Stored data entries
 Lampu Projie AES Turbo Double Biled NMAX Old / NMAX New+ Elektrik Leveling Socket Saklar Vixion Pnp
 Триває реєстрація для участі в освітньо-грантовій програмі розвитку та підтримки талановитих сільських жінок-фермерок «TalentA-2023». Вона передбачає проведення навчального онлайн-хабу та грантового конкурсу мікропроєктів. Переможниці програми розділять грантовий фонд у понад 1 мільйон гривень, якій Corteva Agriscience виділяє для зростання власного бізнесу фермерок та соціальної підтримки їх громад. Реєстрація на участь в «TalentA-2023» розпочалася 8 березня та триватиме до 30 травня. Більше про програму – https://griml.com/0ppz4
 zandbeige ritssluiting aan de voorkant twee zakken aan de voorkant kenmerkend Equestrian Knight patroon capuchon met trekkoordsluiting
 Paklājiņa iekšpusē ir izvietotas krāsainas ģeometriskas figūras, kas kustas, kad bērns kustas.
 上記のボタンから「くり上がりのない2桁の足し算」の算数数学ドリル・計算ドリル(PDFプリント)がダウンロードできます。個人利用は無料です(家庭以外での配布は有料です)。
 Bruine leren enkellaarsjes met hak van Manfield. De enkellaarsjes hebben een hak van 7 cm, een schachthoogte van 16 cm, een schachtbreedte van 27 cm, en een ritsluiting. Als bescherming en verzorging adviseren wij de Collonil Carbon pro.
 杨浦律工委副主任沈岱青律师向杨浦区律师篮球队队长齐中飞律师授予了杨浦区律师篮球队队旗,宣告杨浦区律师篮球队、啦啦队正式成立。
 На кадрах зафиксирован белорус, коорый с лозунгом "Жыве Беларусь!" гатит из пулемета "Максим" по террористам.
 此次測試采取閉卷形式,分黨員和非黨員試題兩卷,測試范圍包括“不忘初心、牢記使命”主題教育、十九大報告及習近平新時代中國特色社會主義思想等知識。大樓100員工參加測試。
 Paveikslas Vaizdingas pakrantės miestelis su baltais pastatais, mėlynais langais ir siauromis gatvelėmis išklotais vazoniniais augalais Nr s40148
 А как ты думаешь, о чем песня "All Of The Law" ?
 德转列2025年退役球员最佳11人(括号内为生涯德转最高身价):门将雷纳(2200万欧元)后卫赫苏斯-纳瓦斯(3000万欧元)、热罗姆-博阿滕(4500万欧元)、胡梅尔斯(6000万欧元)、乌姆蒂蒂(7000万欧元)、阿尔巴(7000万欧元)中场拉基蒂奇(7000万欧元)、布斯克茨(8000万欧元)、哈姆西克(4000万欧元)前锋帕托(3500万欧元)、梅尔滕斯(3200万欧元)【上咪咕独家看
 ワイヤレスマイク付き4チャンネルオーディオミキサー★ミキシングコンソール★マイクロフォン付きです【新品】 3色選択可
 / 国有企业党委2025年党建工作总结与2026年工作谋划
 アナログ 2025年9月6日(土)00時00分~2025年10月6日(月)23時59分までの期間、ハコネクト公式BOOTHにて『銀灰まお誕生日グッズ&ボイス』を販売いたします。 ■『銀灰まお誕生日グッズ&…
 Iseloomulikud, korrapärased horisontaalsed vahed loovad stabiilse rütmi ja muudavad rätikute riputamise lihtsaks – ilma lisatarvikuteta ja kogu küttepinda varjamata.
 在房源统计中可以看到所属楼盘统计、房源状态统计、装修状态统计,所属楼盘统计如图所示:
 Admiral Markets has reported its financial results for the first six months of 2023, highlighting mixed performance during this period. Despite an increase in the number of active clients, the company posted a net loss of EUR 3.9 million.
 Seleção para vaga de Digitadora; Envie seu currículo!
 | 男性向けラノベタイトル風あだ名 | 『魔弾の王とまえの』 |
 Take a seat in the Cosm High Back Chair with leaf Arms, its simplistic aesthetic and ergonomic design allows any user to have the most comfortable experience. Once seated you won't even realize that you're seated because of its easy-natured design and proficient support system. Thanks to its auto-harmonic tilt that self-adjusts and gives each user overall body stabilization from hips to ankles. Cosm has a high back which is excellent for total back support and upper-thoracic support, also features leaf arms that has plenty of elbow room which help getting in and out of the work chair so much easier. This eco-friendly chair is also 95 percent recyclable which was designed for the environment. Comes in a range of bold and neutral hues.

Exercise
The answer must be a word-for-word transcription of every record above.

Completed task
 Lampu Projie AES Turbo Double Biled NMAX Old / NMAX New+ Elektrik Leveling Socket Saklar Vixion Pnp
 Триває реєстрація для участі в освітньо-грантовій програмі розвитку та підтримки талановитих сільських жінок-фермерок «TalentA-2023». Вона передбачає проведення навчального онлайн-хабу та грантового конкурсу мікропроєктів. Переможниці програми розділять грантовий фонд у понад 1 мільйон гривень, якій Corteva Agriscience виділяє для зростання власного бізнесу фермерок та соціальної підтримки їх громад. Реєстрація на участь в «TalentA-2023» розпочалася 8 березня та триватиме до 30 травня. Більше про програму – https://griml.com/0ppz4
 zandbeige ritssluiting aan de voorkant twee zakken aan de voorkant kenmerkend Equestrian Knight patroon capuchon met trekkoordsluiting
 Paklājiņa iekšpusē ir izvietotas krāsainas ģeometriskas figūras, kas kustas, kad bērns kustas.
 上記のボタンから「くり上がりのない2桁の足し算」の算数数学ドリル・計算ドリル(PDFプリント)がダウンロードできます。個人利用は無料です(家庭以外での配布は有料です)。
 Bruine leren enkellaarsjes met hak van Manfield. De enkellaarsjes hebben een hak van 7 cm, een schachthoogte van 16 cm, een schachtbreedte van 27 cm, en een ritsluiting. Als bescherming en verzorging adviseren wij de Collonil Carbon pro.
 杨浦律工委副主任沈岱青律师向杨浦区律师篮球队队长齐中飞律师授予了杨浦区律师篮球队队旗,宣告杨浦区律师篮球队、啦啦队正式成立。
 На кадрах зафиксирован белорус, коорый с лозунгом "Жыве Беларусь!" гатит из пулемета "Максим" по террористам.
 此次測試采取閉卷形式,分黨員和非黨員試題兩卷,測試范圍包括“不忘初心、牢記使命”主題教育、十九大報告及習近平新時代中國特色社會主義思想等知識。大樓100員工參加測試。
 Paveikslas Vaizdingas pakrantės miestelis su baltais pastatais, mėlynais langais ir siauromis gatvelėmis išklotais vazoniniais augalais Nr s40148
 А как ты думаешь, о чем песня "All Of The Law" ?
 德转列2025年退役球员最佳11人(括号内为生涯德转最高身价):门将雷纳(2200万欧元)后卫赫苏斯-纳瓦斯(3000万欧元)、热罗姆-博阿滕(4500万欧元)、胡梅尔斯(6000万欧元)、乌姆蒂蒂(7000万欧元)、阿尔巴(7000万欧元)中场拉基蒂奇(7000万欧元)、布斯克茨(8000万欧元)、哈姆西克(4000万欧元)前锋帕托(3500万欧元)、梅尔滕斯(3200万欧元)【上咪咕独家看
 ワイヤレスマイク付き4チャンネルオーディオミキサー★ミキシングコンソール★マイクロフォン付きです【新品】 3色選択可
 / 国有企业党委2025年党建工作总结与2026年工作谋划
 アナログ 2025年9月6日(土)00時00分~2025年10月6日(月)23時59分までの期間、ハコネクト公式BOOTHにて『銀灰まお誕生日グッズ&ボイス』を販売いたします。 ■『銀灰まお誕生日グッズ&…
 Iseloomulikud, korrapärased horisontaalsed vahed loovad stabiilse rütmi ja muudavad rätikute riputamise lihtsaks – ilma lisatarvikuteta ja kogu küttepinda varjamata.
 在房源统计中可以看到所属楼盘统计、房源状态统计、装修状态统计,所属楼盘统计如图所示:
 Admiral Markets has reported its financial results for the first six months of 2023, highlighting mixed performance during this period. Despite an increase in the number of active clients, the company posted a net loss of EUR 3.9 million.
 Seleção para vaga de Digitadora; Envie seu currículo!
 | 男性向けラノベタイトル風あだ名 | 『魔弾の王とまえの』 |
 Take a seat in the Cosm High Back Chair with leaf Arms, its simplistic aesthetic and ergonomic design allows any user to have the most comfortable experience. Once seated you won't even realize that you're seated because of its easy-natured design and proficient support system. Thanks to its auto-harmonic tilt that self-adjusts and gives each user overall body stabilization from hips to ankles. Cosm has a high back which is excellent for total back support and upper-thoracic support, also features leaf arms that has plenty of elbow room which help getting in and out of the work chair so much easier. This eco-friendly chair is also 95 percent recyclable which was designed for the environment. Comes in a range of bold and neutral hues.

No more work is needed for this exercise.